In situ characterization of the decomposition behavior of Mg(BH sub(4)) sub(2) by X-ray Raman scattering spectroscopy

We present an in situ study of the thermal decomposition of Mg(BH sub(4)) sub(2) in a hydrogen atmosphere of up to 4 bar and up to 500 degree C using X-ray Raman scattering spectroscopy at the boron K-edge and the magnesium L sub(2,3)-edges. The combination of the fingerprinting analysis of both edges yields detailed quantitative information on the reaction products during decomposition, an issue of crucial importance in determining whether Mg(BH sub(4)) sub(2) can be used as a next-generation hydrogen storage material.
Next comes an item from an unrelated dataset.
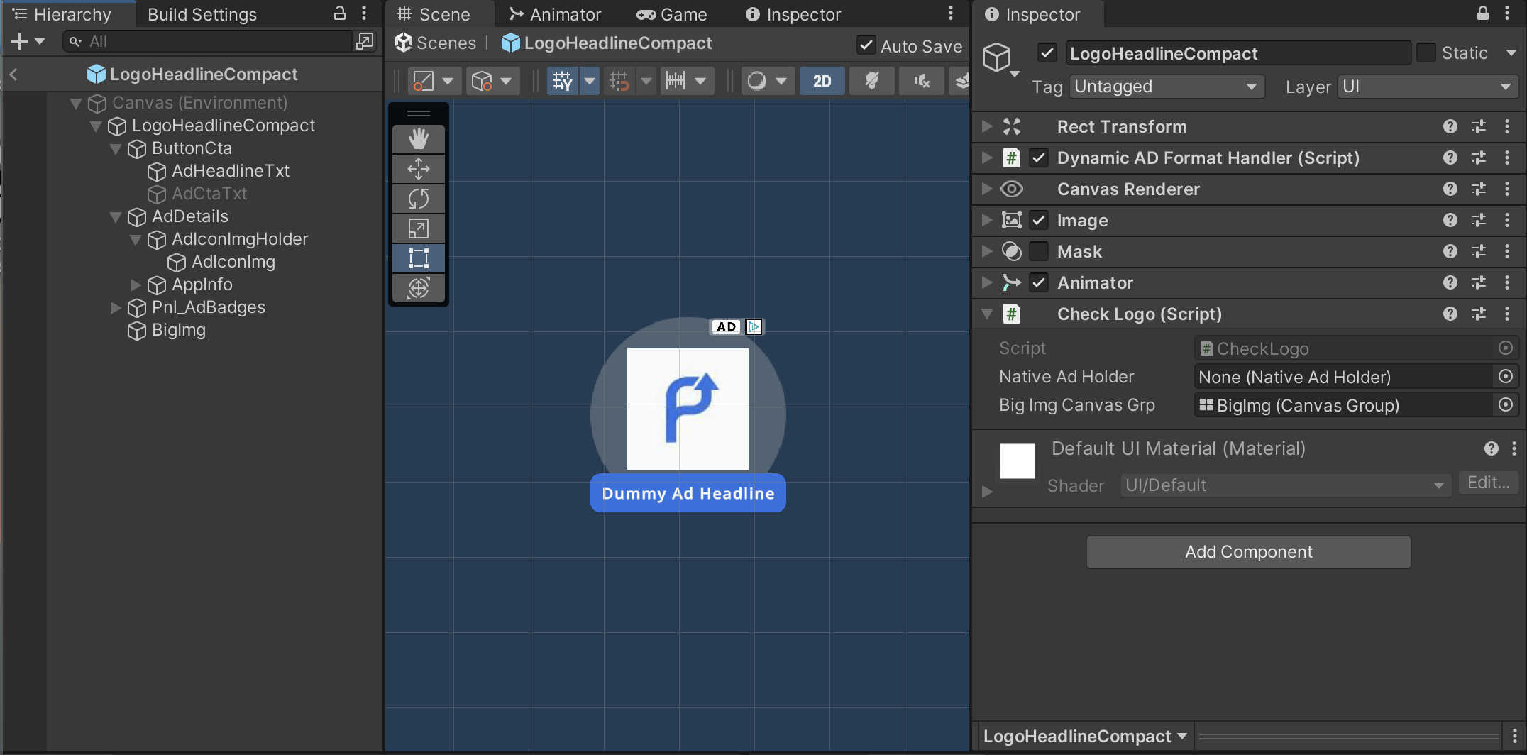 Make sure to assign the reference to NativeAdHolder in the CheckLogo script if using this template

This work reveals the formation of reaction intermediate(s) at 300 degree C, accompanied by a significant hydrogen release without the occurrence of stable boron compounds such as amorphous boron or MgB sub(12)H sub(12). At temperatures between 300 degree C and 400 degree C, further hydrogen release proceeds via the formation of higher boranes and crystalline MgH sub(2). Above 400 degree C, decomposition into the constituting elements takes place. Therefore, at moderate temperatures, Mg(BH sub(4)) sub(2) is shown to be a promising high-density hydrogen storage material with great potential for reversible energy storage applications.